Aim of the exercise
A faithful transcription of all the data, images excluded, is the required answer.

== Input data ==

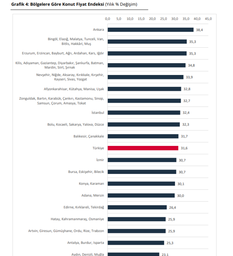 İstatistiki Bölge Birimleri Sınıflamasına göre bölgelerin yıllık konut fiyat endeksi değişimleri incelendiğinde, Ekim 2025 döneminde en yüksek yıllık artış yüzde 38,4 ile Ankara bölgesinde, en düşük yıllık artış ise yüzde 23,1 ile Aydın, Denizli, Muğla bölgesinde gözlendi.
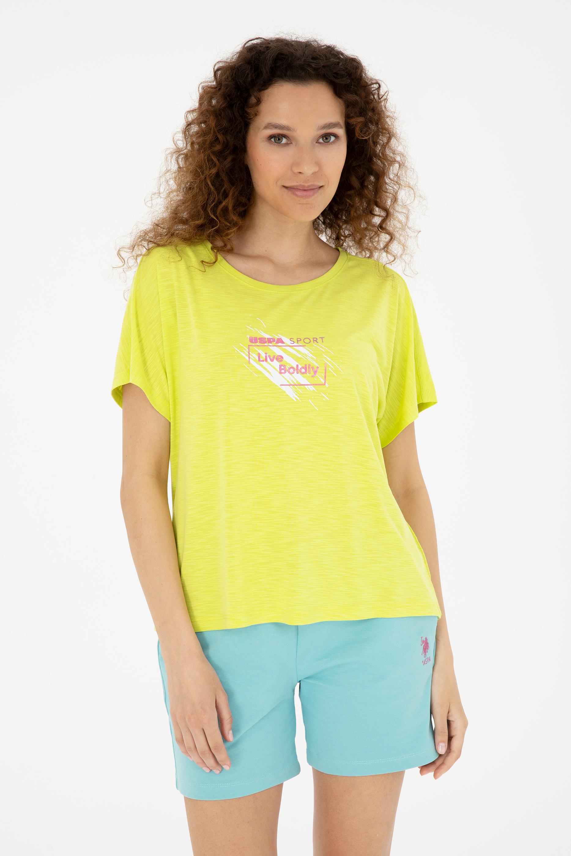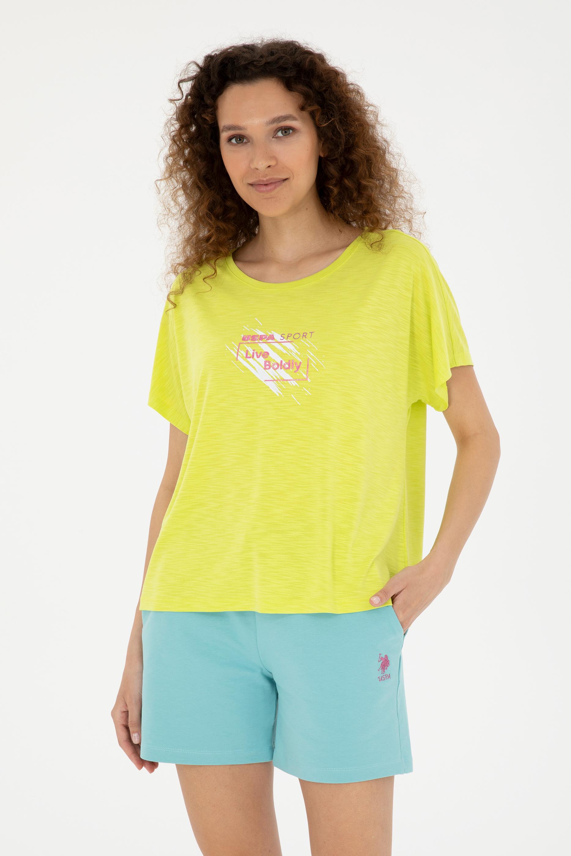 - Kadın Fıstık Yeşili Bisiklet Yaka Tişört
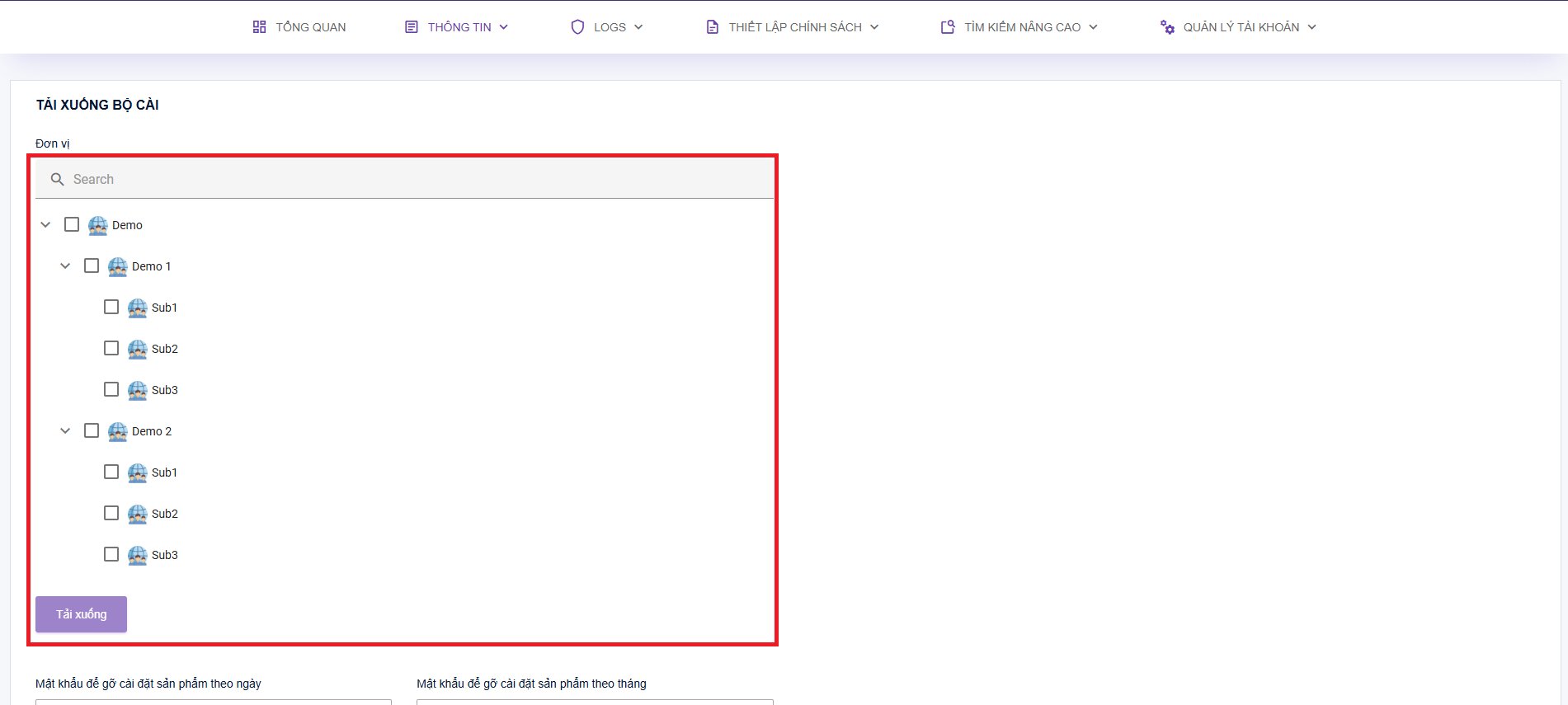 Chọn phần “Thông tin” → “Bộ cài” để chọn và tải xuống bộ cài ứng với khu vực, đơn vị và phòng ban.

===

Task response
 İstatistiki Bölge Birimleri Sınıflamasına göre bölgelerin yıllık konut fiyat endeksi değişimleri incelendiğinde, Ekim 2025 döneminde en yüksek yıllık artış yüzde 38,4 ile Ankara bölgesinde, en düşük yıllık artış ise yüzde 23,1 ile Aydın, Denizli, Muğla bölgesinde gözlendi.
 - Kadın Fıstık Yeşili Bisiklet Yaka Tişört
 Chọn phần “Thông tin” → “Bộ cài” để chọn và tải xuống bộ cài ứng với khu vực, đơn vị và phòng ban.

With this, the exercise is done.